Self-Audit — Step 2:
All core presuppositions have been addressed. No Orthogonal findings have been used to evade required divergences. Findings have not been distributed for balance but follow from the analysis. No extra-domain claims have been introduced. The same standard would apply regardless of sympathy toward the ideology.
Result: No failure.
Step 3 — Variant Differential Analysis
The variants of CBT modify emphasis but do not alter the presuppositions that generate the commitment-level findings. Behavioral variants reinforce the role of action but leave the value structure intact. Third-wave variants introduce acceptance and mindfulness but retain the outcome-oriented framework of distress reduction and functional improvement.
No variant introduces a commitment to objective moral truth, foundational first principles, or a redefinition of value that would alter the Divergent findings on Commitments 3, 4, or 6. Nor do they strengthen the ontological or causal claims required to shift Commitments 1 or 2 to full Convergence.
Result: No variant shifts any commitment-level finding.
Self-Audit — Step 3:
Variants have been examined at the level of presupposition, not surface difference. No artificial differentiation has been introduced.
Result: No failure.
Step 4 — Dissolution Finding
Commitment 1: Partial Convergence
Commitment 2: Partial Convergence
Neither commitment is Divergent. Therefore, by the rule, the finding is:
No Dissolution
CBT does not require the agent to deny his capacity to intervene in his own thinking. It preserves a functional model of agency. However, it does not ground that agency in the strong sense required by the Stoic framework.
Self-Audit — Step 4:
The dissolution finding follows mechanically from the commitment-level findings. No inflation or adjustment has occurred. The finding is stated philosophically, not politically.
Result: No failure.
Step 5 — Summary Finding
The pattern is evenly divided between Partial Convergence and Divergence, but the symmetry is superficial. The convergences occur at the level of cognitive structure and practical agency; the divergences occur at the level of value, truth, and philosophical grounding.
The decisive point is this:
CBT requires that thoughts be corrected in order to produce desirable psychological outcomes. The Stoic framework requires that judgments be corrected in order to align with the objective fact that only virtue is good and only vice is evil.
These are not different methods applied to the same goal. They are different definitions of what it means for a judgment to be correct.
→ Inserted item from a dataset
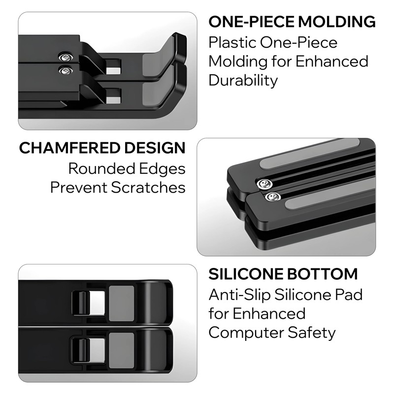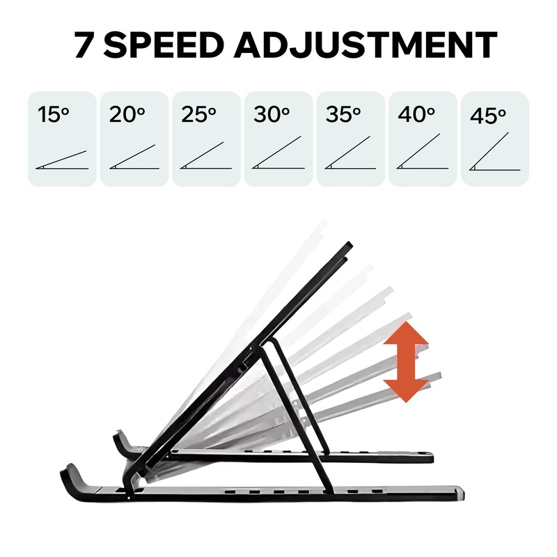 Adjustable Black Laptop Stand – Portable Foldable Plastic Riser for Laptops, Notebooks, Ultrabooks – Lightweight, Ergonomic, Travel-Friendly

Dissolution Finding: No Dissolution
Agent-Level Implication:
An agent who adopts CBT accepts that his condition is to be improved by modifying cognitive patterns in order to achieve relief and functional adaptation. He retains a sense of agency but locates the standard of correction in outcomes rather than in objective moral truth. In doing so, he implicitly accepts that states such as distress and functioning are legitimate targets of correction and therefore matter in themselves, rather than being neutral consequences of judgment.
Final Result
Pass One establishes that CBT preserves a role for cognition and agency but replaces the Stoic account of value and truth with an outcome-oriented framework. The deeper implications of that replacement are not yet exhausted at this level and require further passes.